Competição de narrativas

Estive em quatro eventos dedicados à discussão de temas relacionados aos princípios ESG nos últimos dez dias.

Em um deles, o Fórum ESG da ABRH, fui moderador em um dos painéis. Foram eventos de instituições sérias, com palestrantes e debatedores idem.

Mas é inescapável a percepção de que as nuances de cada um dos subtemas relacionados às questões socioambientais e de governança permitem narrativas diversas e até conflitantes.

Um dos eventos – ‘Estadão think’, realizado na Fiesp – tratou da transição energética e suas implicações para a indústria brasileira.

Não há dúvida de que o Brasil tem uma janela de oportunidade escancarada, por conta da sua matriz energética exemplar.

Quase 50% da energia consumida no Brasil vêm de fontes renováveis. No caso da eletricidade, o quadro é ainda mais impressionante: mais de 90% são oriundos de energia limpa.

Isso nos dá uma condição privilegiada para produzir bens, principalmente os de energia intensiva, de forma competitiva, não? E aí vêm as narrativas. Há quem diga que o governo admitiu tantos “jabutis” na regulamentação que nossa energia é mais cara que de outros países.

Mas é limpa e abundante, correto? Podemos então, num processo chamado de nearshoring (mudança de unidades industriais para locais mais favoráveis), atrair empresas de outros países para produzir aqui e garantir uma pegada de carbono adequada aos limites aceitáveis internacionalmente?

Como temos água e energia limpa em abundância, podemos produzir o hidrogênio verde, uma fonte energética que é considerada a solução ideal do futuro, por ser potente e limpa?

Um dos palestrantes chegou a afirmar que podemos ser a Arábia Saudita da energia limpa no futuro. Temos também a biomassa, que permite geração de energia não fóssil.

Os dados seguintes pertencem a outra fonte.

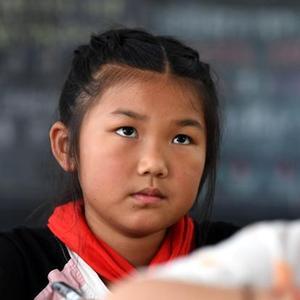 这是一张拼版照片,上图为:张清语在清溪村卫生室门前的广场上玩耍(2019年8月30日摄);下图为:5月27日,张清语在清溪村卫生室门前的广场上看书。新华社记者刘军喜摄
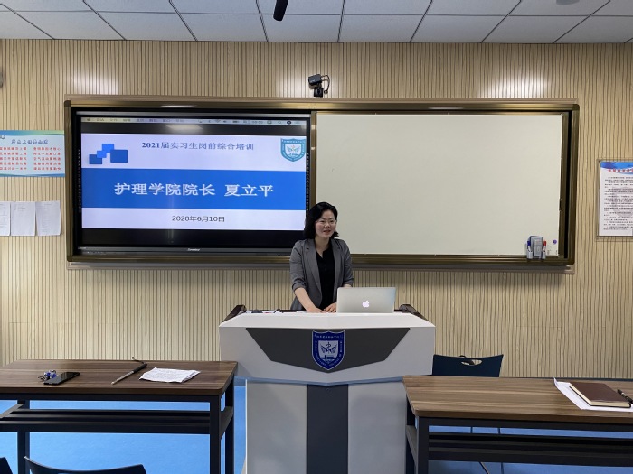 6月10日,护理学院在解放校区A206教室举行了2018级实习生岗前综合培训会。本次培训会主题为“践行初心,勇担职责”,因受新冠肺炎疫情影响,培训会利用学校智慧校园平台全程采用“云”培训,护理学院2018级754名实习生参加培训。
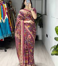 Beat color all over printed shimmer saree with unstitched blouse
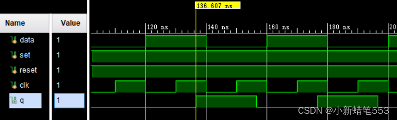 同步和异步复位电路在Verilog代码中的设计区别在于,同步复位仅仅在时钟信号clk上升沿有效,即clk上升沿信号来时set和reset信号才有效。异步复位则是不论始终信号何时到来只要set和reset信号改变都会引起q值的变化。故在Verilog代码设计同步和异步复位电路是只需要改变当set和reset信号改变时也引起输出值的改变即可将同步改为异步触发器。
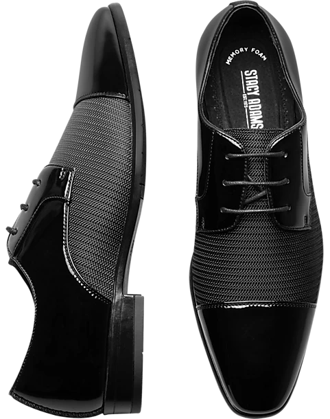 The Stacy Adams Pharaoh shoe imparts a truly royal look. It features cap-toe styling with a combination matte and patent finish.
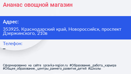 Ананас, овощной магазин по адресу 353925, Краснодарский край, Новороссийск, проспект Дзержинского, 210в в дальнейшем Организация, размещена в следующих категориях:
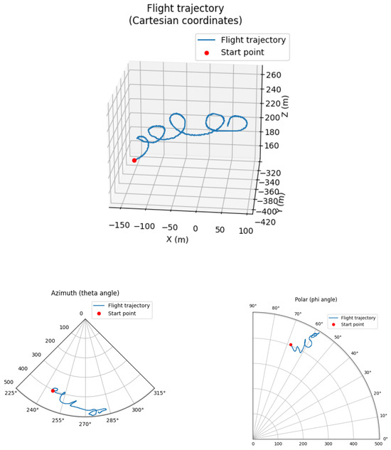 The test data used for feature extraction originate from the BPS system. By processing this data, birds’ flight trajectories can be defined. An example of flight trajectory in Cartesian and spherical co-ordinate systems is presented in Figure 2.
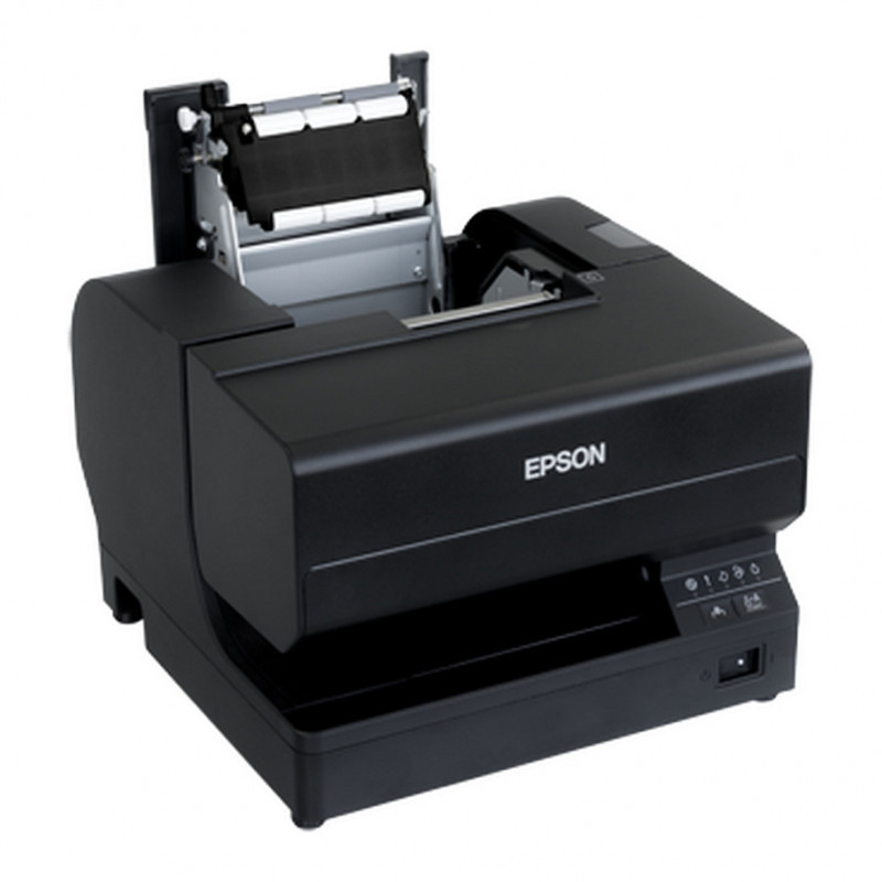 "Epson TM-J7700(301) W/O MICR, BLACK, INC PSU, EU. Print technology: Inkjet, Type: POS printer, Print speed: 98 mm/sec. Supported paper width: 58 - 83 mm, Media thickness: 0.06 - 0.09 mm, Maximum paper size (slip): 230 x 297 mm. Connectivity technology: Wired, USB connector: USB Type-B. Ethernet LAN data rates: 10,100 Mbit/s. Sound pressure level (printing): 55 dB, Mean time between failures (MTBF): 180000 h, Autocutter durability: 1.5 million cuts"\n"Faster, better inkjet technology

O problema é que os países desenvolvidos não estão de braços cruzados, esperando o Brasil se mobilizar.

Ao contrário, os EUA, por exemplo, criaram o IRA (Inflation Reduction Act). A Lei de Redução da Inflação é um pacote de investimentos aprovado pelo governo dos Estados Unidos principalmente para a descarbonização da sua economia.

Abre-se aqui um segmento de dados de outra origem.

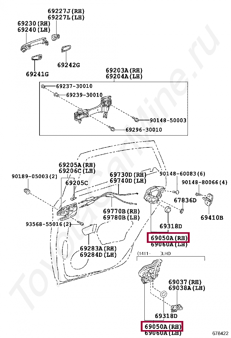 69050-48060, LOCK ASSY, REAR DOOR W/MOTOR, RH
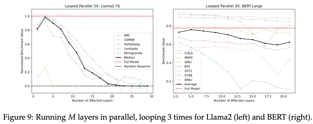 图 9 展示了将并行层循环 3 次的结果。循环并行 3 次的结果显著优于单次迭代(并行层)。起始层 N 设定为 15(针对 Llama2-7B 模型)或 11(针对 BERT 模型)时,即处于每种情况的极左端点,仅有单一的层级受到影响。在这种特定情况下,三次循环并行的效果等同于单纯地将中间层重复三次。与此同时,对于这一点上的并行层而言,其性能与完整模型无异。
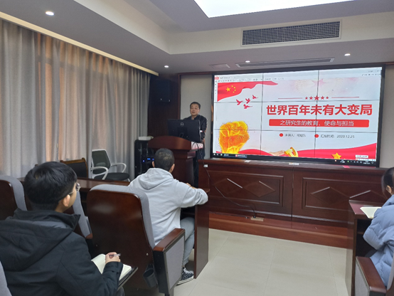 12月25日下午4:30在交通楼425,同人动漫 房产处杨旭东处长以 “世界百年未有之大变局”专题,为研究生第六党支部讲授研究生的培养与教育内容。本次党课目的是结合时代发展机遇,培养高素质研究生人才,激励党员同志奋勇前行,合理规划学习工作和生活。
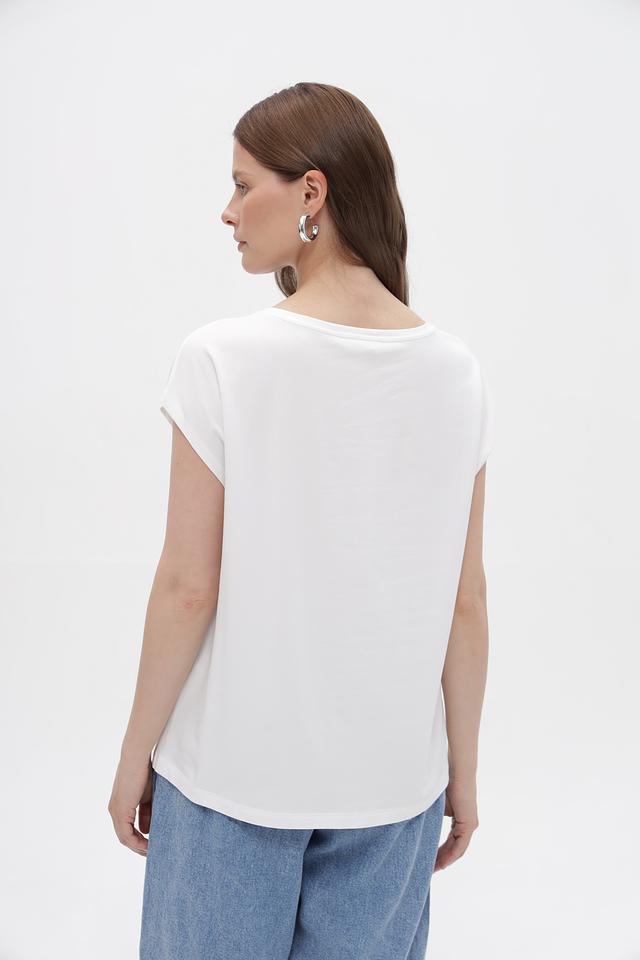 Состав ткани: 47% хлопок, 47% модал, 6% эластан. Хлопок обеспечивает воздухопроницаемость, модал – мягкость и приятные тактильные ощущения, а эластан – небольшую эластичность, благодаря которой блузка хорошо садится по фигуре.
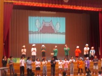 桃太郎を英語で演じました。アリーナ全体へ響く、はっきりとした発音でした。ダンスも...

Os temas são os seguintes: eletricidade limpa, transporte limpo, edifícios sustentáveis, manufatura verde e descarbonização industrial, agricultura e silvicultura inteligentes em relação ao clima e à conservação, justiça ambiental e climática, bons empregos, proteção ao trabalhador e ações climáticas estaduais.

Entre dotações orçamentárias e incentivos fiscais, o montante investido pelo governo americano chega a 1 trilhão de dólares.

Na União Europeia, o Horizon 2030 prevê subsídios e incentivos, além de um certo protecionismo, nas ações de empresas, em linha com a redução da pegada de carbono.

Já a China aposta na liderança produtiva de equipamentos cruciais para a descarbonização, como painéis solares, pás eólicas e baterias. Não à toa, sua indústria automobilística lidera vendas de carros elétricos. E lá vêm as narrativas. O que é melhor para o meio ambiente, carro elétrico ou híbrido a etanol?

Se a narrativa é do universo do agro brasileiro, não há dúvidas de que o híbrido flex a etanol é a melhor solução. Mas ele gera emissão de CO2 (do etanol) e o elétrico não. Ok, mas em todo o processo de produção das baterias tem uma pegada a ser considerada.

Por outro lado, a cana, usada para produzir o etanol, sequestra carbono ao longo do seu crescimento. Narrativas...

E nós, simples mortais, ficamos confusos com essa miríade de narrativas.

Penso que a melhor atitude é focarmos nas nossas atividades e garantir o menor consumo de água e de energia e gerar o mínimo de resíduo, optando pelo consumo consciente.

Do lado social, vamos manter uma atitude respeitosa e inclusiva, sem qualquer discriminação. E sejamos críticos com as narrativas de um lado ou de outro.